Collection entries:
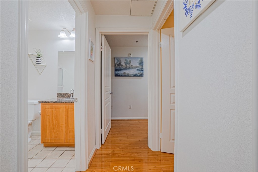 Peace, Quiet, and Tranquility with an abundance of entertainment just minutes away. This spacious open concept 2-bedroom, 2 full baths has everything you are looking for in your new home. As you enter the home you are met with a gorgeous kitchen with plenty of cabinets, and counter space. Never miss a moment with family and friends as the kitchen gives a picture-perfect view into the dining and living room area. Off down the hallway you have 1 full shower/tub combo bathroom, two bedrooms, hall closet, and laundry room closet housing the washer and dryer. The primary bedroom hosts a large walk in closet, and spacious ensuite featuring a tub/shower combo with separate toilet room for maximized privacy. Bonus feature of this beautiful ground level- end unit, is the private long gated balcony which can be entered into from both the primary bedroom and living room. Enjoy a little R&R as you can hear the beautiful community water fountain steps away from the unit. The home has two assigned parking spaces, storage, and tons of guest parking. The Chapman Commons is a resort style oasis in itself. From the pool to the clubhouse, up to the gym, and back down to the BBQ/ fire pit area, the beautifully maintained grounds will exceed all of your new home desires. In the mood for some good ole entertainment? This gem of a location is unbeatable and central- roughly 2 miles from a host of entertainment venues such as Disneyland, Angels Stadium, Honda Center, Garden Walk, Block of Orange just to name a few, and literally just minutes to access the 22, 57 and 5 freeways, which will take you to other parts of the sprawling Orange County, and Los Angeles areas. Come and fall in love with this beautiful haven in the city that has both central air and heat, so it’s the perfect place to call home all year-round!
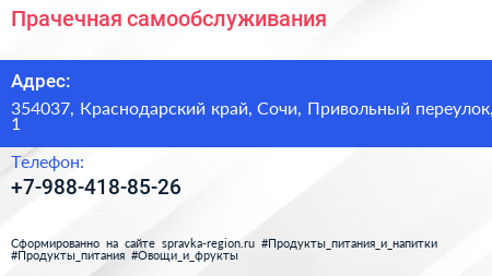 Прачечная самообслуживания по адресу 354037, Краснодарский край, Сочи, Привольный переулок, 1 в дальнейшем Организация, размещена в следующих категориях:
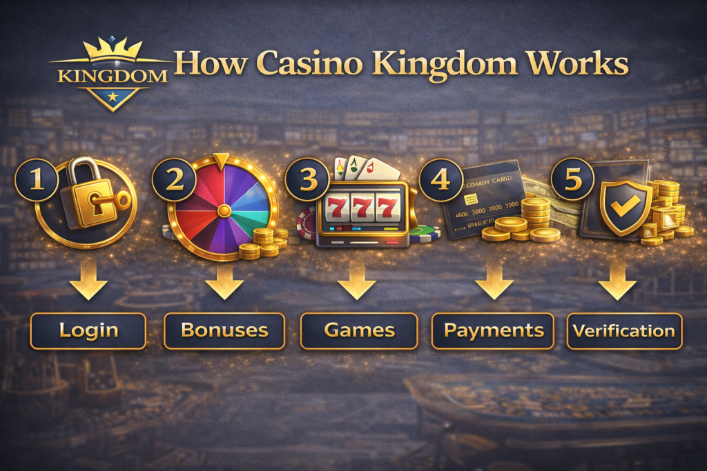 The infographic above illustrates how Casino Kingdom structures the player journey — from login and bonus access to gameplay, payments, and verification.
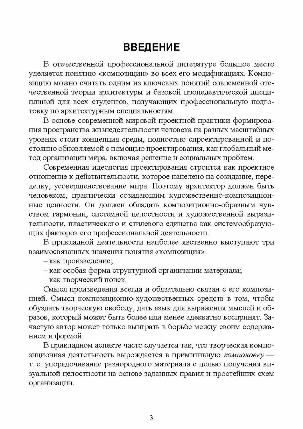 Изложены базовые представления о композиции в архитектуре: история развития, основные термины, виды композиции, композиционные средства. Даны примеры композиционного моделирования и макетирования при разработке архитектурных проектов. Изложена методика композиционного подхода к учебному архитектурному проектированию несложных объектов. Соответствует современным требованиям ФГОС СПО и профессиональным квалификационным требованиям. Адресовано студентам направления СПО «Архитектура», осваивающих МДК 01.02 «Объемно-пространственная композиция с элементами макетирования».
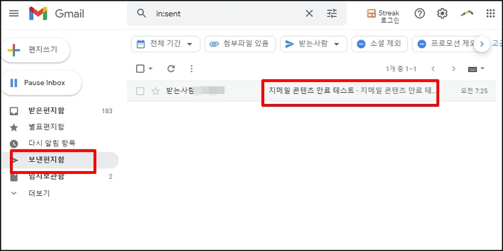 지메일 로그인 후 [보낸 편집함]을 선택합니다. 연장하려는 보낸 메일 제목을 클릭합니다.
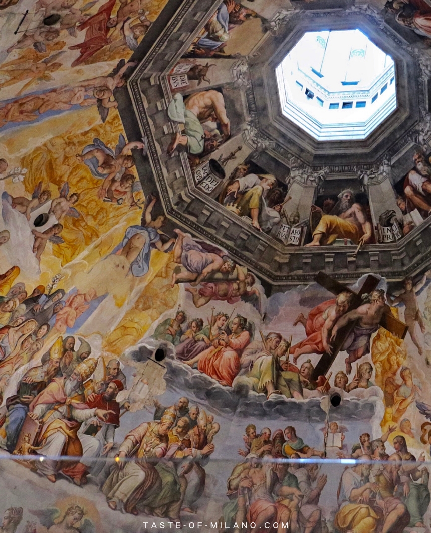 登頂中途,會走過穹頂內部的兩條高空走廊,可以近距離欣賞教堂的彩繪玻璃窗,以及著名的穹頂壁畫《最後的審判》

▶ _About this task_
Print again, word for word, every line from the line with "Изложены базовые представления" to the final line of the records, inclusive; skip the pictures.

▶ _Result_
 Изложены базовые представления о композиции в архитектуре: история развития, основные термины, виды композиции, композиционные средства. Даны примеры композиционного моделирования и макетирования при разработке архитектурных проектов. Изложена методика композиционного подхода к учебному архитектурному проектированию несложных объектов. Соответствует современным требованиям ФГОС СПО и профессиональным квалификационным требованиям. Адресовано студентам направления СПО «Архитектура», осваивающих МДК 01.02 «Объемно-пространственная композиция с элементами макетирования».
 지메일 로그인 후 [보낸 편집함]을 선택합니다. 연장하려는 보낸 메일 제목을 클릭합니다.
 登頂中途,會走過穹頂內部的兩條高空走廊,可以近距離欣賞教堂的彩繪玻璃窗,以及著名的穹頂壁畫《最後的審判》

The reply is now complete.